* Record extracts
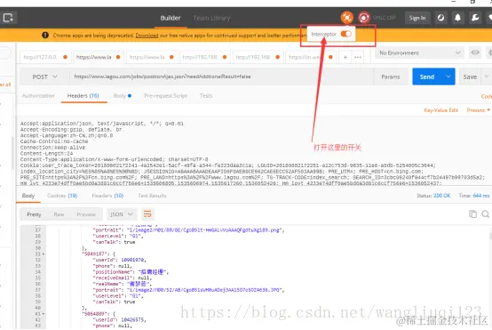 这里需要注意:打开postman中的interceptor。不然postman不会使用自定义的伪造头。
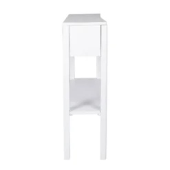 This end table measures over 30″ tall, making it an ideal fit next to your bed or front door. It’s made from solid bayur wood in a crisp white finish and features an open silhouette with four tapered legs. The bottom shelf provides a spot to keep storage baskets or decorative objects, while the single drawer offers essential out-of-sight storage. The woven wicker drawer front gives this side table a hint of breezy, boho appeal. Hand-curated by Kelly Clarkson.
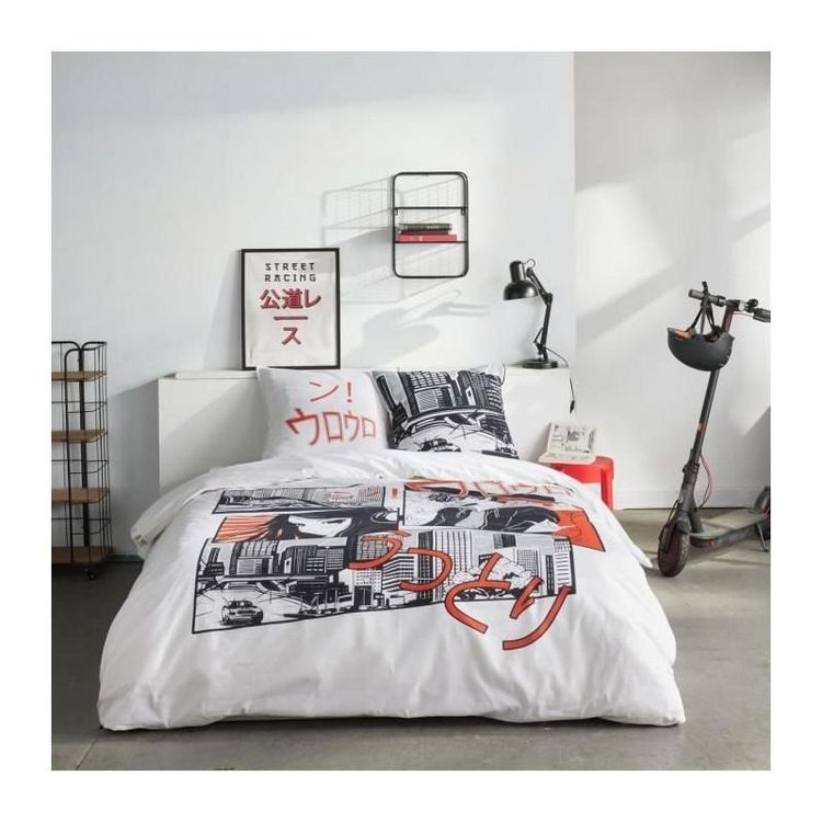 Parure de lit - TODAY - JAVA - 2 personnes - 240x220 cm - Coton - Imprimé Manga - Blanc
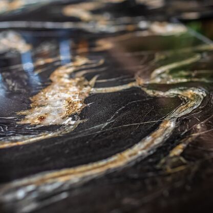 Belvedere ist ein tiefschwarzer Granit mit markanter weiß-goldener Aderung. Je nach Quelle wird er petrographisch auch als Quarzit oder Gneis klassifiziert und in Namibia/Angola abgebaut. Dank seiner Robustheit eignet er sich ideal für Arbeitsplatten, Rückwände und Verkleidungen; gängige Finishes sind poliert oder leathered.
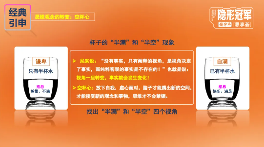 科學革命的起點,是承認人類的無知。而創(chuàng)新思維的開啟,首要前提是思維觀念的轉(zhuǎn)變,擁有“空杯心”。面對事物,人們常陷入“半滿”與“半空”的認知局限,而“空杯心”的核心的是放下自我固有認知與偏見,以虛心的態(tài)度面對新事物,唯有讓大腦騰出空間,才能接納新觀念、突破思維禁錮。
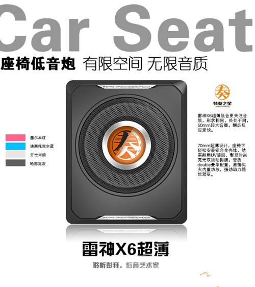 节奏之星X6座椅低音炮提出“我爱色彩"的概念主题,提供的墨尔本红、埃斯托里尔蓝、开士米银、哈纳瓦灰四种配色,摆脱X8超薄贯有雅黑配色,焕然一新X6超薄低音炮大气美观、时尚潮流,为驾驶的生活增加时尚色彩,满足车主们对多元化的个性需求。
...
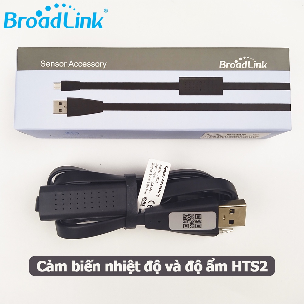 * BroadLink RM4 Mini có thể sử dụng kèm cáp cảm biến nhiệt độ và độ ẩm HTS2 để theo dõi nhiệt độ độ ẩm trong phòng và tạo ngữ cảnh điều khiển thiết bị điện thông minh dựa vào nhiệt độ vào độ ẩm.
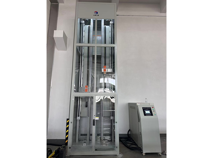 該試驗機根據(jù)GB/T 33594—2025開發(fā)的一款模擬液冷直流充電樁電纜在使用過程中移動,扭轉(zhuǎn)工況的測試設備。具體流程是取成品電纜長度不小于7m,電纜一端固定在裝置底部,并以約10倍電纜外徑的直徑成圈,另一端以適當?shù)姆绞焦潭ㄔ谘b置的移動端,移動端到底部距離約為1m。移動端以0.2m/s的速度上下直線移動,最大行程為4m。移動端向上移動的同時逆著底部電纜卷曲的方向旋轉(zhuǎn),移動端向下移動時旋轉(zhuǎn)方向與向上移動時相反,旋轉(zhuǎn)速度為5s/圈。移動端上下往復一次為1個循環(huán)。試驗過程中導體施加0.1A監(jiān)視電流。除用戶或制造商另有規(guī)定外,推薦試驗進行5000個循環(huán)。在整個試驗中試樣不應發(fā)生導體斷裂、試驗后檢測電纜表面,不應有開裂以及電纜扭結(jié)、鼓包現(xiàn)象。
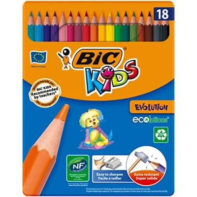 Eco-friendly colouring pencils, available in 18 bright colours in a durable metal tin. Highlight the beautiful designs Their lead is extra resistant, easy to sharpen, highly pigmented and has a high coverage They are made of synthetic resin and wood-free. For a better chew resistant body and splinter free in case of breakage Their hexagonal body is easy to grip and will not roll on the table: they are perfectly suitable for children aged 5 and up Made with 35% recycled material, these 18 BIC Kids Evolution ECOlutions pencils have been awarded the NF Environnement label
==
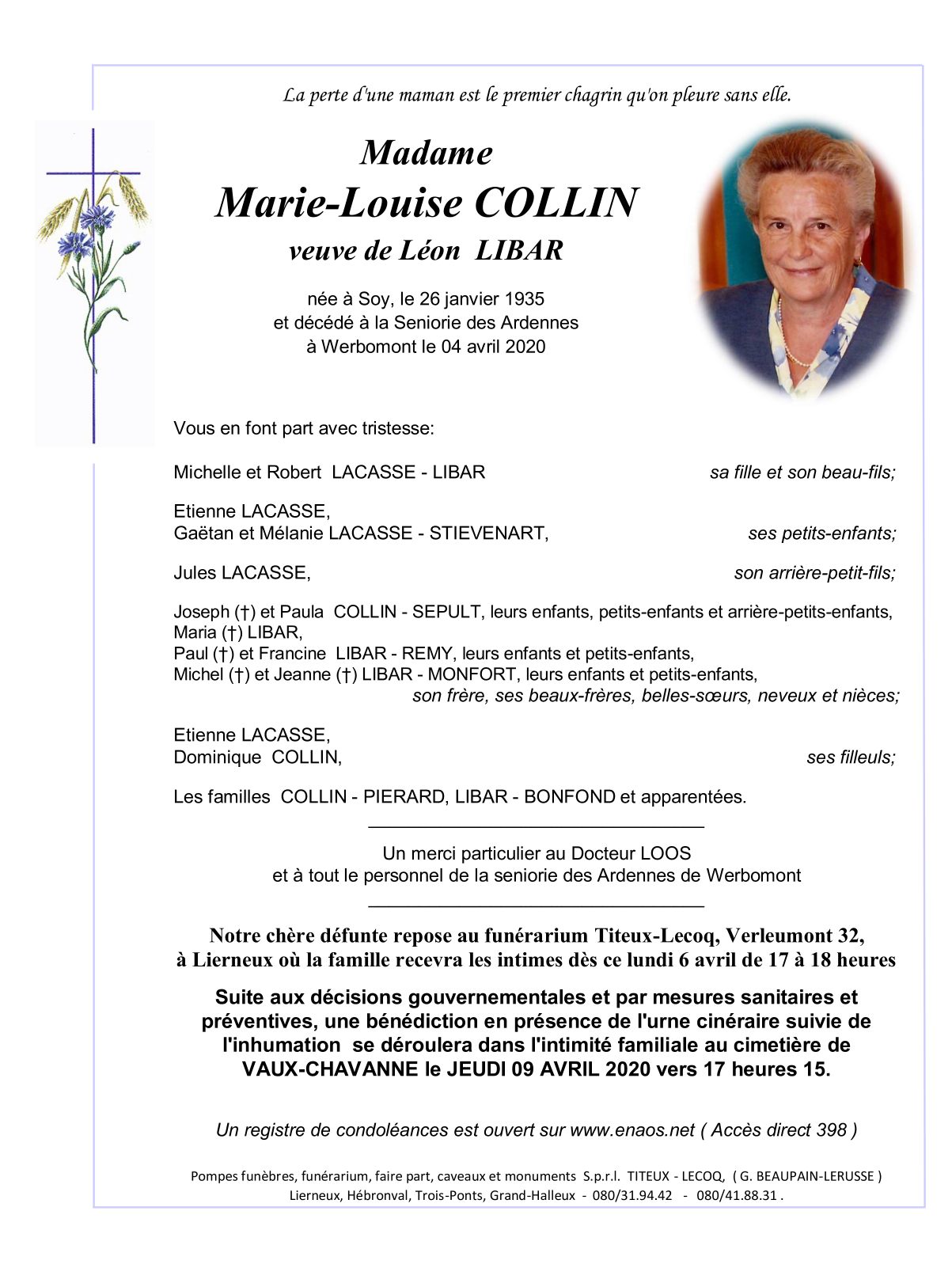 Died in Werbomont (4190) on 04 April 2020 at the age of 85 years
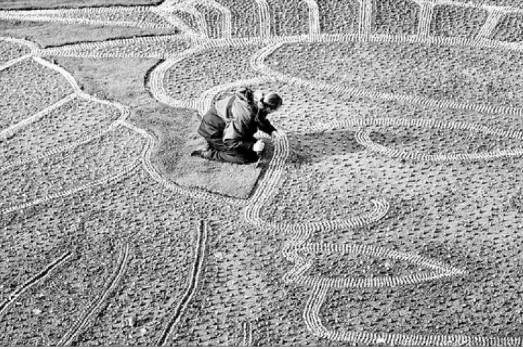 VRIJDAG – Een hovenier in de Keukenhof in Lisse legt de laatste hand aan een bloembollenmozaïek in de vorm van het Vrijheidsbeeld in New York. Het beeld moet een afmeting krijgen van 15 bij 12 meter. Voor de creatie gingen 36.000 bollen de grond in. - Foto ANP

* Problem requirements
Your answer should consist of the lines above between those holding "这里需要注意:打开postm" and "Parure de lit", inclusive, reproduced word for word and without pictures.

* Solved problem
 这里需要注意:打开postman中的interceptor。不然postman不会使用自定义的伪造头。
 This end table measures over 30″ tall, making it an ideal fit next to your bed or front door. It’s made from solid bayur wood in a crisp white finish and features an open silhouette with four tapered legs. The bottom shelf provides a spot to keep storage baskets or decorative objects, while the single drawer offers essential out-of-sight storage. The woven wicker drawer front gives this side table a hint of breezy, boho appeal. Hand-curated by Kelly Clarkson.
 Parure de lit - TODAY - JAVA - 2 personnes - 240x220 cm - Coton - Imprimé Manga - Blanc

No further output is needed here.